---------- Extracted information

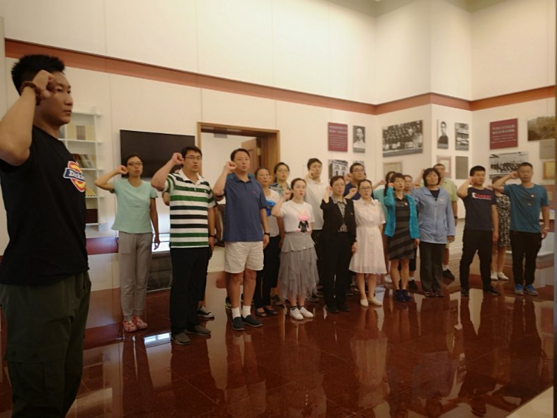 在电影厅内,纪念堂管理局宣教处副处长对毛主席纪念堂做了整体介绍,同志们聆听了《学领袖风范,做合格党员》宣讲并观看了《千秋伟业》纪录片。随后,全体党员在公体课教工党支部书记杨海林同志的带领下,举起右手,庄严宣誓,重温了入党誓词。最后,大家参观了毛泽东纪念室,通过生动珍贵的历史画面、解说员的讲解以及大量翔实的照片、文献和实物,重新回顾毛主席光辉的一生。全体党员深刻感受到了革命领袖们领导中国革命和建设的艰辛历程,感受到了从浴火中诞生的中国共产党的伟大与光辉。
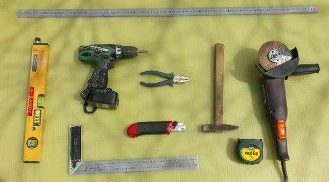 - perforateur; une pince, un tournevis, un couteau de bureau pour couper l'excès de mastic; niveau du bâtiment; scies à métaux; roulette; scie électrique pour couper la feuille de polycarbonate.
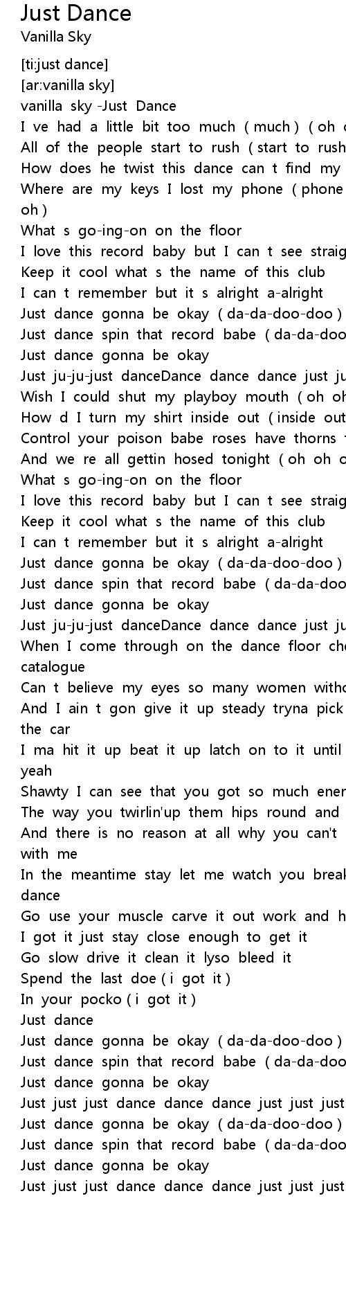 | [00:49.13] | Just dance gonna be okay dadadoodoo |
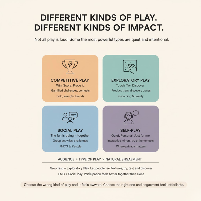 The key is matching the type of play to the audience and the category. Grooming brands, for example, benefit hugely from exploratory play. Let people try, test, and discover at their own pace. FMCG brands often thrive on social play, where participation becomes a group activity rather than an individual one.
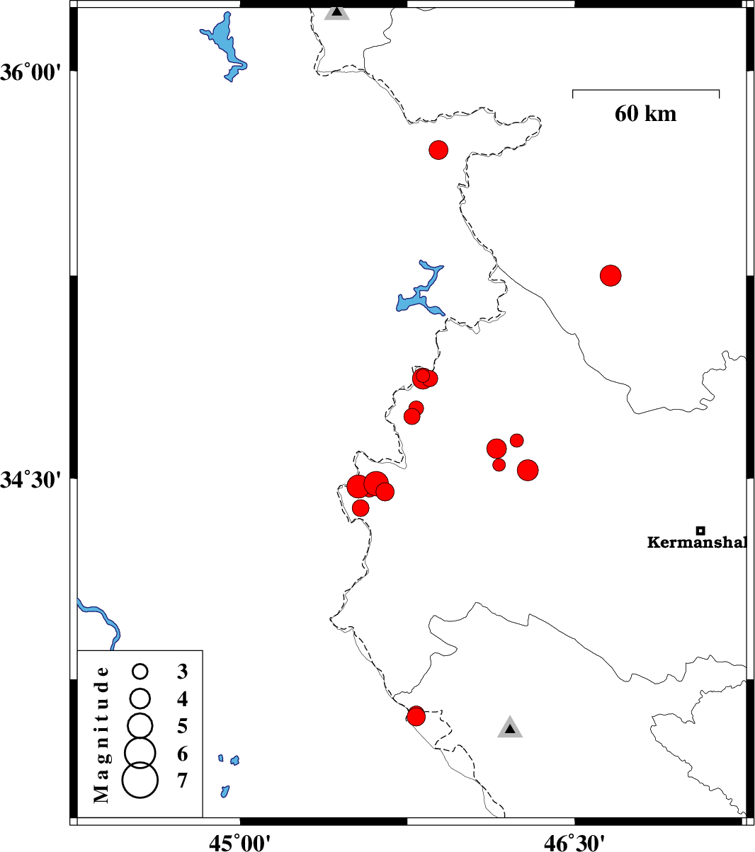 | 2019/05/28 | 17:38:58.1 | 22:08:58.1 | 34.39 | 45.54 | 11 | ML3.4 | Kermanshah Province, 15 km South of Qasr-E-Shirin | ||
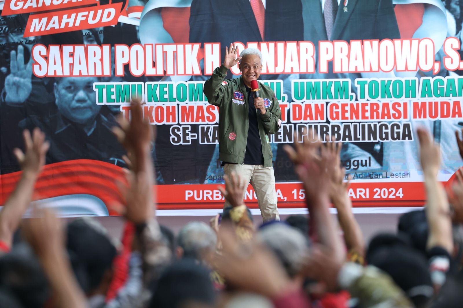 KANALSATU - Ganjar Pranowo mendapat sambutan luar biasa dari warga saat bersilaturahmi ke Purbalingga, Jawa Tengah, Senin (15/1/2024). Warga menganggap calon presiden nomor urut 03 itu "wonge dewek" atau berarti keluarga sendiri.

--------------------

Task to complete - Would you retype every line shown above exactly, leaving the pictures aside?

Output below -
 在电影厅内,纪念堂管理局宣教处副处长对毛主席纪念堂做了整体介绍,同志们聆听了《学领袖风范,做合格党员》宣讲并观看了《千秋伟业》纪录片。随后,全体党员在公体课教工党支部书记杨海林同志的带领下,举起右手,庄严宣誓,重温了入党誓词。最后,大家参观了毛泽东纪念室,通过生动珍贵的历史画面、解说员的讲解以及大量翔实的照片、文献和实物,重新回顾毛主席光辉的一生。全体党员深刻感受到了革命领袖们领导中国革命和建设的艰辛历程,感受到了从浴火中诞生的中国共产党的伟大与光辉。
 - perforateur; une pince, un tournevis, un couteau de bureau pour couper l'excès de mastic; niveau du bâtiment; scies à métaux; roulette; scie électrique pour couper la feuille de polycarbonate.
 | [00:49.13] | Just dance gonna be okay dadadoodoo |
 The key is matching the type of play to the audience and the category. Grooming brands, for example, benefit hugely from exploratory play. Let people try, test, and discover at their own pace. FMCG brands often thrive on social play, where participation becomes a group activity rather than an individual one.
 | 2019/05/28 | 17:38:58.1 | 22:08:58.1 | 34.39 | 45.54 | 11 | ML3.4 | Kermanshah Province, 15 km South of Qasr-E-Shirin | ||
 KANALSATU - Ganjar Pranowo mendapat sambutan luar biasa dari warga saat bersilaturahmi ke Purbalingga, Jawa Tengah, Senin (15/1/2024). Warga menganggap calon presiden nomor urut 03 itu "wonge dewek" atau berarti keluarga sendiri.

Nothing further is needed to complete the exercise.